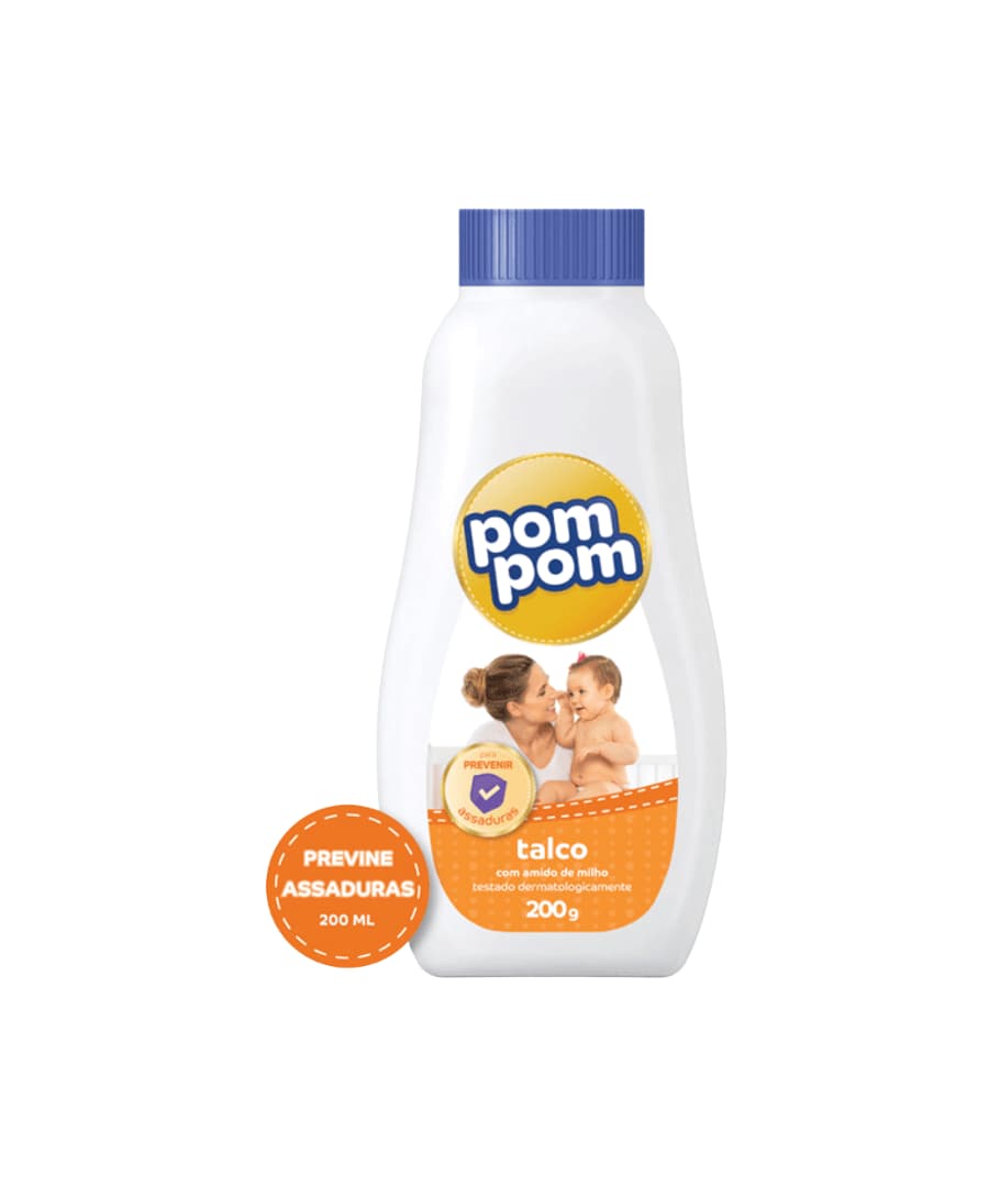 O novo Talco Pom Pom protege a pele do bebê contra o atrito e a umidade, que podem causar assaduras e irritações. Feito com amido de milho, garante suavidade e maciez à pele.
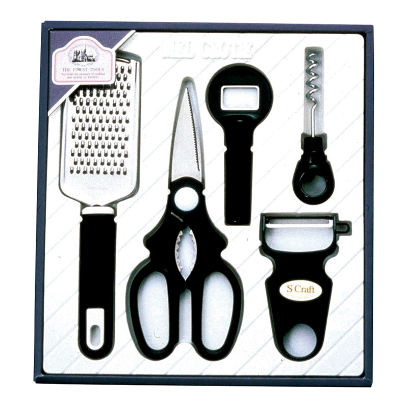 【内容】 キッチン鋏、皮引き、おろし器、コルク抜き、栓抜き×各1
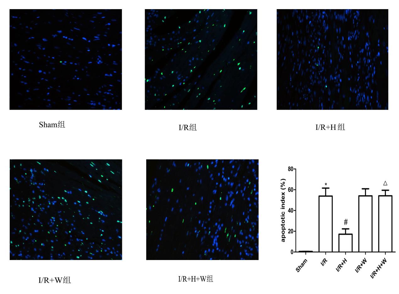 与组相比,I/R组心肌细胞凋亡指数显著增高(P < 0.05);与I/R组相比,I/R+H组心肌细胞凋亡指数显著降低(P < 0.05);与I/R+H组比较,I/R+H+W组心肌细胞凋亡指数显著增高(P < 0.05)。而I/R+W组与I/R组相比心肌细胞凋亡差异无统计学意义(图 3)。
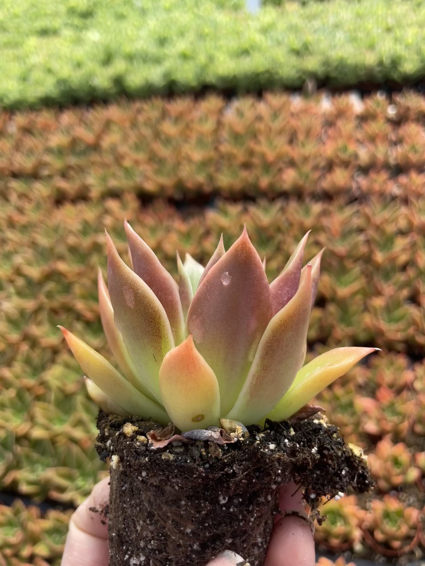 Care: All succulents need their roots to completely dry out in between waterings, which ties into their low-maintenance behavior. Display in bright sun for 6-8 hours in the morning. Pull dry leaves off bottom of your succulent to deter pests. Plant in your favorite pot (drainage hole recommended) in well-draining soil.

────────────────────────────────────────

Set down the data again, exactly, without images.

 O novo Talco Pom Pom protege a pele do bebê contra o atrito e a umidade, que podem causar assaduras e irritações. Feito com amido de milho, garante suavidade e maciez à pele.
 【内容】 キッチン鋏、皮引き、おろし器、コルク抜き、栓抜き×各1
 与组相比,I/R组心肌细胞凋亡指数显著增高(P < 0.05);与I/R组相比,I/R+H组心肌细胞凋亡指数显著降低(P < 0.05);与I/R+H组比较,I/R+H+W组心肌细胞凋亡指数显著增高(P < 0.05)。而I/R+W组与I/R组相比心肌细胞凋亡差异无统计学意义(图 3)。
 Care: All succulents need their roots to completely dry out in between waterings, which ties into their low-maintenance behavior. Display in bright sun for 6-8 hours in the morning. Pull dry leaves off bottom of your succulent to deter pests. Plant in your favorite pot (drainage hole recommended) in well-draining soil.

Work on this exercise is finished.